# Question on WCF Chapter 9.1



## kodos (Nov 12, 2013)

In Chapter 9 - Of Free-Will:
I. God hath endued the will of man with that natural liberty, that it is neither forced, nor, *by any absolute necessity of nature*, determined to good, or evil. (Matt. 17:12, James 1:14, Deut. 30:19)

I believe I understand the totality of the teaching of WCF 9, but the phrasing in paragraph 1 of the phrase "any absolute necessity of nature" escapes me. What is the Confession speaking of here? What does "absolute necessity of nature mean". I am probably being dense. Is nature in this case distinct from the 4-states that the Confession goes on to list in paragraphs 2-5? What nature is this that it speaks of?

Thanks!


----------



## chuckd (Nov 12, 2013)

I believe it is saying our choices are not necessary, but rather contingent. Also stated in 3.1. If our will is either forced or necessary, then it is no longer a will.


----------



## kodos (Nov 12, 2013)

Thanks Chuck, I definitely agree with what you are saying, and it comports with the rest of the Confession. But the phrasing of the Confession seemed rather peculiar to me. Perhaps the use of English being subtly different just makes it ring odd to my ears (eyes?)


----------



## Contra_Mundum (Nov 12, 2013)

The Confession states there that man's will has _natural_ liberty, such that _its nature_ (the virtue of what it is) shall not be supposed to be *absolutely* (i.e. unalterably) and necessarily (could not be otherwise) determined (fixed) to a moral or amoral bent.


----------



## Peairtach (Nov 13, 2013)

The inability of Man's fallen will is a moral inability rather than some metaphysical/ontological "damage" to the will.

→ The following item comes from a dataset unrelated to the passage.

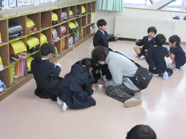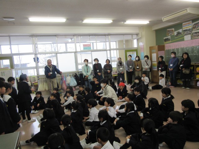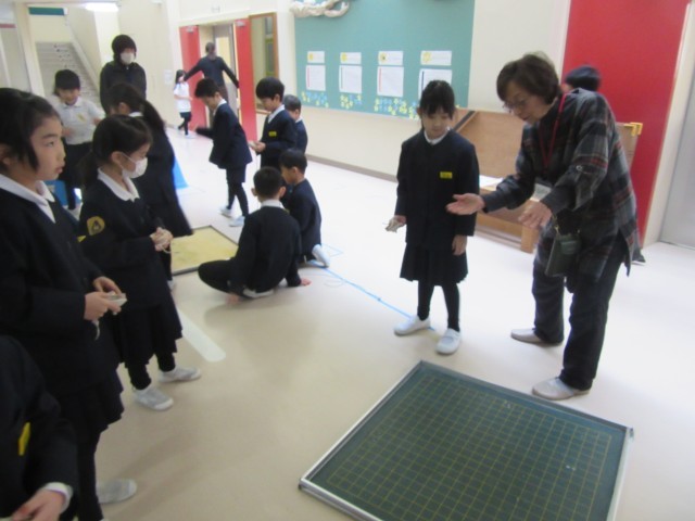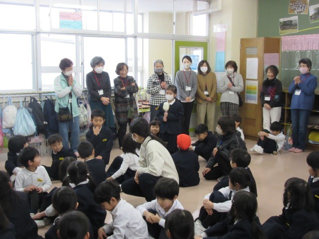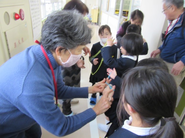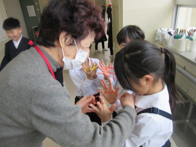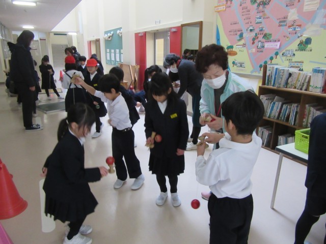 本日は、1年生生活科で「昔遊びの会」として、地域の方と遊ぼうの会が実施されました。本校では初めての企画でしたが、会の趣旨を理解してくださった11名の地域の方が参加してくださいました。実行委員が中心となり会が進みました。子供たちは、おはじき、お手玉、けん玉、コマのコーナーに分かれて楽しんでいました。地域の方が持ってきてくださったあやとりもチャレンジできることになり遊びの幅が広がりました。「見て!」と何度もけん玉やお手玉の技を見てもらい「すごいね」と褒められにっこにこの子、コマのひもの巻き方や投げ方を手取り足取り教えていただき何度もチャレンジしている子、初めて、あやとりの遊び方を教えていただき慎重にやってみている子などなど子供たちの笑顔がいっぱいの充実した時間となりました。振り返りの会では「教えてもらって上手になって嬉しかった」「一緒に遊べて楽しかった」という感想がたくさん聞かれました。足元の悪い中、子供たちのためにご来校いただいた地域の皆様、本当にありがとうございました!
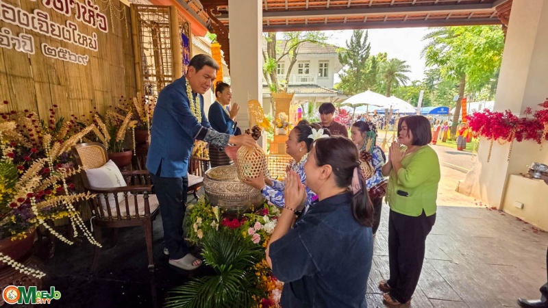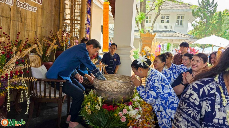 เทศบาลเมืองแม่โจ้ ร่วมรดน้ำดำหัวผู้ว่าราชการจังหวัดเชียงใหม่ สืบสานประเพณีปีใหม่เมือง

Also,God by His power (omnipotence) and wisdom (omniscience) and omnipresence preserves Man's freedom from what would be, in the absence of the totally sovereign God, the depradations of "chance" and "fate", like two hands round a guttering candle in a howling gale - poor analogy, but "as it were".

The more consistently someone denies the God of the Bible, the more he will be a hard determinist as regards Man. E.g. orthodox Marxists are hard determinists.

The sovereignty of God mysteriously establishes Man's freedom, and the absence of God's sovereignty would paradoxically be fatal to the freedom of the will.

Sent from my HTC Wildfire using Tapatalk 2


----------



## kodos (Nov 13, 2013)

Thanks, all! Wonderful stuff.


----------